Is Online First-come, First-served Fair?

18 February 2010
10:28 AM

President Clinton is speaking at UC Berkeley next week. Tickets were available to students who filled out an online form starting at 7:00am this morning. Predictably, at 6:59am the website offering tickets looked like this:

Four different server errors

Judging by messages on Twitter, hundreds of other students had the same experience. At 7:39am, tickets were sold out.

Despite being awake and online at the right time, I never even saw the form. I’m not upset or tremendously disappointed, but this experience started me thinking about the process of distribution. This is the fourth or fifth time I’ve participated in an online offer in the last year, and they always leave me with the sense that they’re not fair. In this situation I think fair means that every person who is eligible to receive a ticket and wants one has an equal chance to receive one. 1

The issue is that this system relies on first-come, first-served rationing (FCFS) for a scarse resource. FCFS is pretty well understood in the physical world. We know that people can only be in one place at a time: each person gets a single spot in line. Whoever shows up first, or camps out overnight, will get to see the movie first. Incidentally, these practices are exactly why organizers want to move to an online system. Real-world FCFS means large, unwieldy crowds and groups of students who set up tents on campus.

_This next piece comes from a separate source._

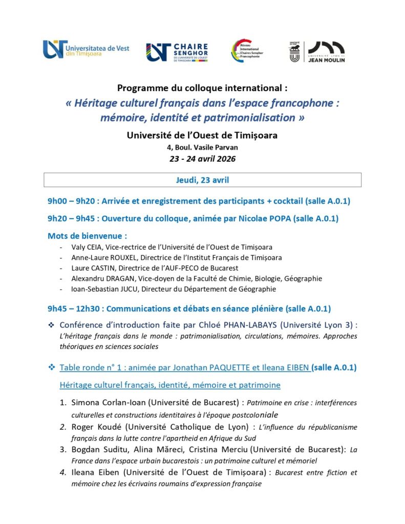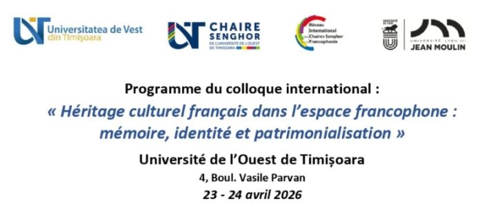 Avem onoarea de vă invita să participați la Conferința internațională „Patrimoniul cultural francez în lumea francofonă: memorie, identitate și conservarea patrimoniului”, care va fi organizata la Universitatea de Vest din Timișoara (UVT) în 23 și 24 aprilie 2026. Deschiderea evenimentului va avea loc în 23 aprilie, de la ora 9.20, în amfiteatrul de evenimente A01 (sediul principal, V.Pârvan 4).

An online version of first-come, first-served solves these problems: when people vie for a resource online (on the Internet, or calling by phone), they don’t form massive crowds outside your door or camp on your porch. Without the restrictions of the physical world, however, FCFS is different online. I can get 10 places in line just by loading a page in my browser 10 times. If I am handy with programming, I might be able to get hundreds of places in line by writing a script to connect on my behalf. If I have a slow Internet connection, or I’m positioned at a certain point on the network, I might never be able to get in line because the server is too busy. In short, online FCFS has a chance at being fair only if your servers can handle the load and you can prevent people from taking multiple places in line.

A natural next question might be how you can prepare your servers for the demand created by an event like this. People who know a lot more than I do about IT might suggest things like caching, replicated servers, faster machines, and more memory. But this misses the real problem: online FCFS is not a good approximation of fair.

A better alternative is an online lottery. Instead of awarding tickets based on whoever arrives first, you provide a window during which anybody can obtain a lottery number. Then you randomly select people using a computer and give them tickets. This system solves the same problems that online FCFS does: there are no large crowds and no camping out. It also solves some of the problems with FCFS. Since you can get a lottery number at any time during the window, network traffic will be spread out across this time. And since awards are based on random chance,2 a lottery is more fair because every ticket holder has an equal chance.

Of course, there are some similar problems. If the window to get a lottery ticket isn’t large enough everyone who wants a ticket won’t have a chance to get one—not fair. Also, the problem of multiple people in line is now replaced with the problem of multiple lottery tickets. People will find ways to get multiple lottery tickets, increasing their odds of being selected. But I don’t think that ballot stuffing is a much greater problem than having multiple spots in line. With a lottery system you can deal with ballot stuffing on your own time instead of in real time.

In the controlled circumstances of the Clinton ticket giveaway, stuffing is nearly impossible. Each student has a unique student ID number which can be checked to ensure that each person gets only one lottery number. And since each student can only obtain a single ticket for this event for personal use (confirmed with photo ID when claiming the ticket), people cannot use their friends to get extra lottery numbers.

The only downside to a lottery is that it requires more work. With online FCFS you can just tell people to come, watch your server buckle under the load, and eventually give away all the tickets. Online FCFS is also fine if you’re not interested in fair. I don’t mean this in a pejorative sense. If you’re selling concert tickets, you get paid no matter who buys them; there’s no obvious incentive for fair distribution.3

Given the detailed instructions for distributing tickets, it seems like Berkeley does want to be fair about the process. Next time, I suggest they consider a lottery.


1 Of course there are other definitions for fair. If you understand fair in a different sense (like “following an defined process for distribution”) then this system may well be fair. I am using fair as equitable because I think that is a popular understanding of fair.

2 Computers only generate pseudorandom numbers, but these are random enough for our needs.

3 There might be external repercussions for distribution using a process that isn’t perceived as fair. The New Yorker ran an article last summer, “The Price of the Ticket” addressing this issue as it applies to Ticketmaster and fishy practices selling tickets.